Get them out of there and stick them on your lap and now you’re going to coupage the dog. Coupaging is the means by which she will beat like a drum on his outer rib cage which is protecting the lung. You should cup your hand. It creates more friction upon pounding and with a pretty vigorous patting action go back-and-forth from the right side to the left site pounding one through 10 and switch to the other side one through 10 and switch and so on back-and-forth. Set the timer on your phone to 10 minutes. It’s going to feel like a very long 10 minutes but this step is prudent to follow the nebulizing chamber.
What the nebulizer does is saturate the inner lining of the lungs with the saline which essentially soaks the mucus and makes it now possible to knock it loose from the inner lining of the lungs. If you do this strategically for a couple of days three times a day your dog will recover much faster and you will never have to worry about an ammonia setting in. See this video: https://m.youtube.com/watch?v=54d8Vgucano
This is actually how they treat dogs that are hospitalized with pneumonia only at the charge rate of probably a couple hundred dollars. I always use this technique when my dogs get a cold or a cough and since I’ve been doing this I’ve never again had an animal or a French Bulldog go to the hospital.
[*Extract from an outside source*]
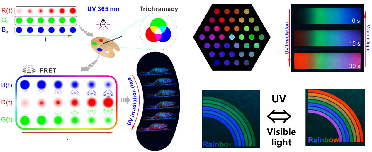 比如發(fā)光的防偽材料,利用纖維素均相可控反應(yīng)的優(yōu)勢,把原來容易聚在一起的熒光分子,通過化學(xué)方法鍵合到纖維素上,克服了溶液狀態(tài)下聚集誘導(dǎo)淬滅效應(yīng),將其制成固態(tài)熒光材料,同時它仍然具有高分子的可打印、可噴涂的特點,將不同的發(fā)光基團(tuán)接到不同的纖維素上可以得到不同的顏色,將紅、綠和藍(lán)三種顏色的纖維素衍生物共混,利用三基色原理,還可以做打印的動態(tài)熒光材料(圖5)。

Additional medicinal remedies:
At the 99cent store look for “mucous relief” pills. The dose is 400mg qualfenisin. This helps to loosen mucous. It is equal to Mucinex. You break the pills in half so that you have a 200 mg dose and you can give this as frequently as every four hours but I give only as needed if I hear a dog coughing. Be certain that you’re not grabbing a box that has also an additional cough suppressant in the pill. It must be ONLY qualfenisen.
A NATURAL REMEDY to help the body expel fluids, a natural diuretic is DANDELION TINCTURE picked up at a health food store. The dose is .5 ml per 10 pounds twice a day. I combine with echinacea tincture. Equal dosing is okay. Echinacea is an immune stimulator.
Lastly vitamin C children’s tabs 50mg are good for a dog too. They have it too at 99 cent store. Give twice a day.
If you do all these things:
1. Nebulize three times a day with coupage drumming on lungs
2. Give mucous pill if cough
3 Dandelion twice a day
4 echinacea twice a day
5. Vitamin c 50 mg
YOUR blue French bulldog puppy will be fine. Following these directions from when you have a puppy and it will develop good habits for prolonged health of your dog.